Using Pipeline automation

If not already done so, navigate to your lab repository created in the Prereq section.

📣 Please follow the steps in that section if not already done so

Once you check in, following the Prereq steps, your pipeline will trigger and terraform will init and plan your code. You should now be able to review your plan from the Azure Devops pipeline.

❗️ Make it a habit to always review your terraform plan. Even if you think you know what’s in it already

Using Manual automation

You can execute the terraform command below from your local PC if you opted out of not following the setup steps. I strongly advice to take the automation route though as it introduces you to the Git repo and Azure DevOps pipelines and some other important concepts in Platform Operations.

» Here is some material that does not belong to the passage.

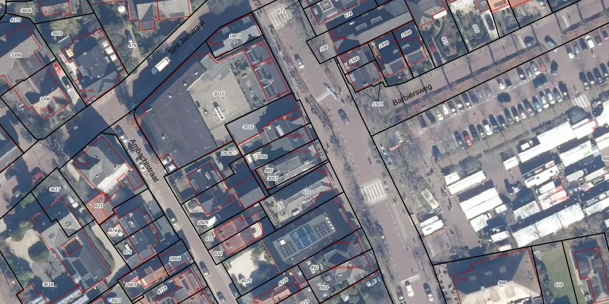 Het adres ligt op het perceel LRN01-G-485, dat zich in de kadastrale gemeente Laren Noord-Holland bevindt. De gemiddelde perceelgrootte in Laren Noord-Holland is 1837,36 m². Dit perceel is kleiner: de perceeloppervlakte bedraagt 176 m². Het kleinste perceel in de kadastrale gemeente is 0 m² groot. De grootste perceeloppervlakte is 1,24 km². Op het perceel liggen in totaal 4 adressen. De laatste wijziging in het de Basisregistratie Kadaster (BRK) was op 05-09-2006.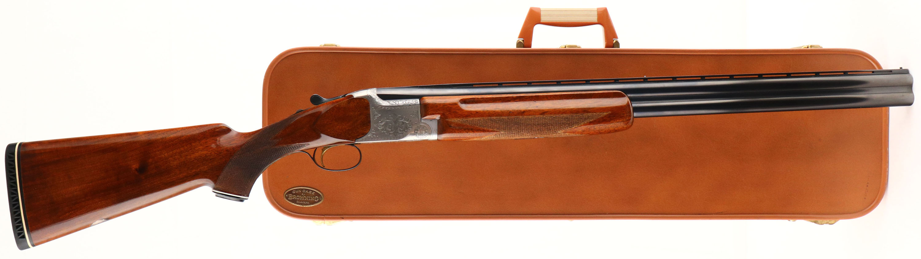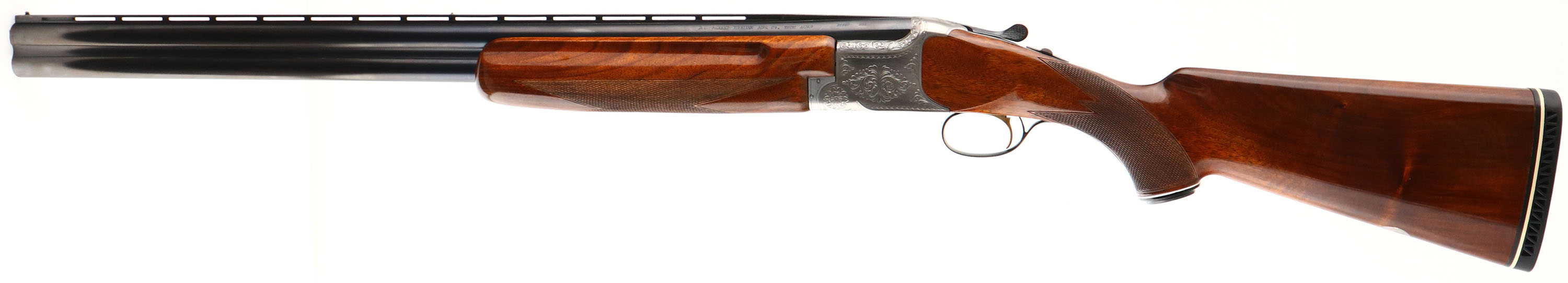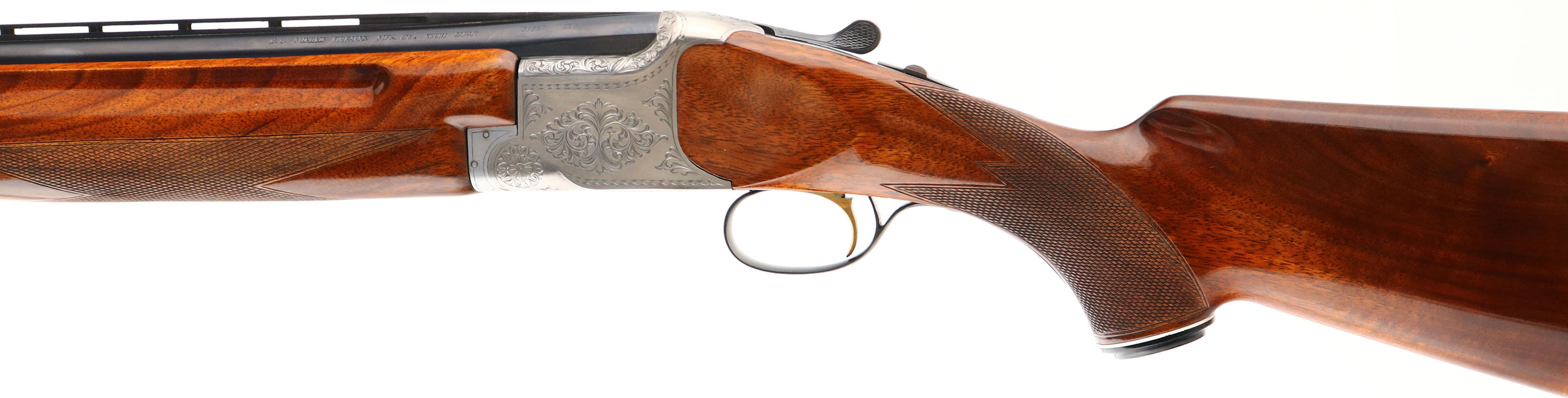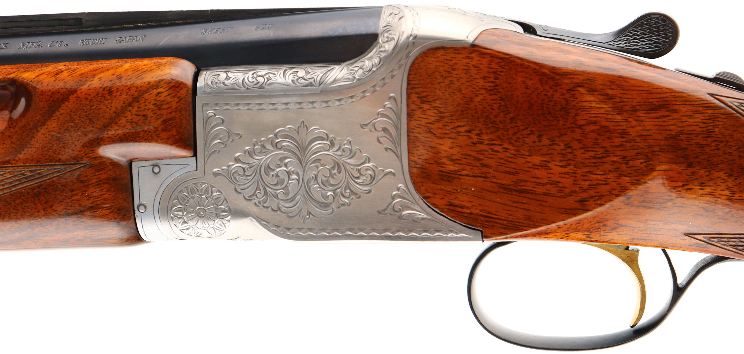 CASED, Miroku, Model 800- Skeet Gun, CAL: 12GA, MFG: Mid 1960's-74, SN: 112191, Break Action O/U, Choke: IC/IC, 26'' barrel with ventilated rib. The original checkered & capped pistol grip stocks are excellent. The high gloss finish is excellent. There is an engraved initial plate in the belly of the stock, marked ''B''. The metal blue finish on the barrels rates 97% & the engraved coin silver receiver is excellent. The hand engraved receiver displays decorative floral scroll work & accent engravings on the break lever, trigger guard & forend release lever. Bores are excellent, with visible striations. The ventilated rib holds a small mid-rib bead & front bead. Stock carries a Pachmayr ventilated black rubber recoil pad. Comes with a Browning Hartmann case. Case condition is very good, with light age soiling both inside & out. LOP: 14 1/2''.* FFL or C&R Req. - Value: 800 to 1200

📣 NOTE: You many run into permission issues using the manual process and would need to resolve it with your team members.

Step 1

Run the following commands to confirm you are in the right repository (if running from your local machine)

az login
az account show
az account set --subscription DTS-SHAREDSERVICES-SBOX
az account show

Step 2a

Run the following command terraform commands (if running from your local machine)

terraform init
terraform plan
terraform apply or terraform apply -auto-approve

Select yes to build resource as terraform will prompt you to approve you action if the -auto-approve is not provided Log into the Azure portal and navigate to the DTS-SHAREDSERVICES-SBOX subscription, you should now have a similar resources created. Search for your resource group name

Terraform resources Address object


Step 2b

If using the pipeline, a commit will init and plan your project. You can also optionally manually trigger a plan or apply from the devops UI. In a production environment, its advised not to manually apply on master. apply should happen on merge of your PR.

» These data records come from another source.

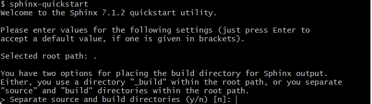 다음 빌드를 위해 sphinx-quickstart를 입력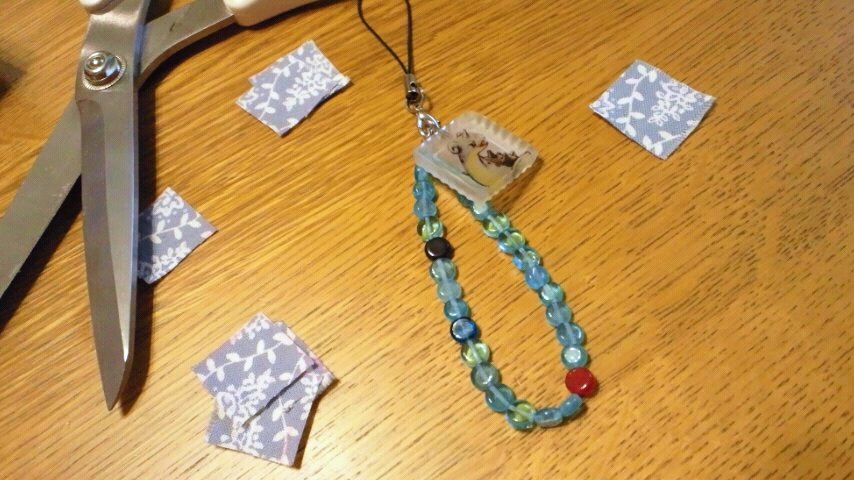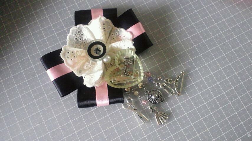 土台のリボンから中央のボタン、ビーズに至るまで全部、ウチにあったもの。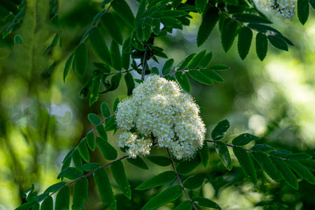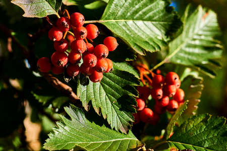 The Rowan berry in summer, Bright sunlight pierces dense foliage, the air feels hot, natural color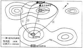 8、我军阵地若想攻打敌军指挥部,最平坦的行军路线是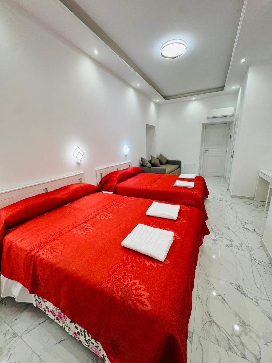 Camera Quadrupla con Bagno Privato. Camera quadrupla climatizzata dotata di armadio e bagno privato munito di doccia e asciugacapelli. Dispone inoltre di bollitore elettrico, pavimento piastrellato, riscaldamento e TV a schermo piatto. L’alloggio presenta 2 letti. ;

Verify the following exist

  • A virtual network (VNet) exist
  • VNet has two peerings, one to the HMCTS Hub VNet and the other to the Core Management VNet
  • A route table to one default route to 10.10.200.36
❗️WARNING

If your Terraform fails with peering errors it is likely that a previous lab exercise has not been cleared down correctly.
Log into Azure and search for the the `core-infra-vnet-mgmt` virtual network then look at the existing Peering for the vnet.
Search the peers for `labs` and any existing lab peering should appear, if any show as disconnected then these should be removed. Disconnected Peering


What did I just create?

  • A virtual network that’s peered to 2 other VNets using the vnet peering module VNet peering is essential for communication between the various virtual networks. Most importantly, for network traffic to flow from the Hub vnet where the Palo Alto firewall lives to your vnet they need to be peered
  • Tagged resources using the tagging module. Tagging is an important part of the way we manage resources and is essential for managing running infrastructure and cost. This is enforced via Azure Policy and is defined in the azure-policy repo
  • A custom route table that routes all traffic to the hub. We operate a hub and spoke model. All network traffic should pass through the hub for inspection before being forwarded to it’s destination. In our hub we have 2 active Palo Alto firewall NVA that inspects traffic and forwards it if allowed to the next hop which is usually another virtual network.
  • A virtual machine without a public IP. We normally dont allow direct access from the internet to the backend resources. This has to ingress via a route which passes the hub and firewalls. This pattern is followed for most if not all resources or applications.
  • A virtual machine that can be accessed via the bastions, as it does not have a public IP, because its been peered with the core-infra-vnet-mgmt vnet, it can be accessed via the HMCTS bastions.
    Select the virtual network and copy the vnet address cidr e.g. 10.10.7.0/25 yours would be different if you used a different CIDR

📣 NOTE: You will need to be connected to the VPN to access the bastions, this will be explained in more detail later on in this tutorial.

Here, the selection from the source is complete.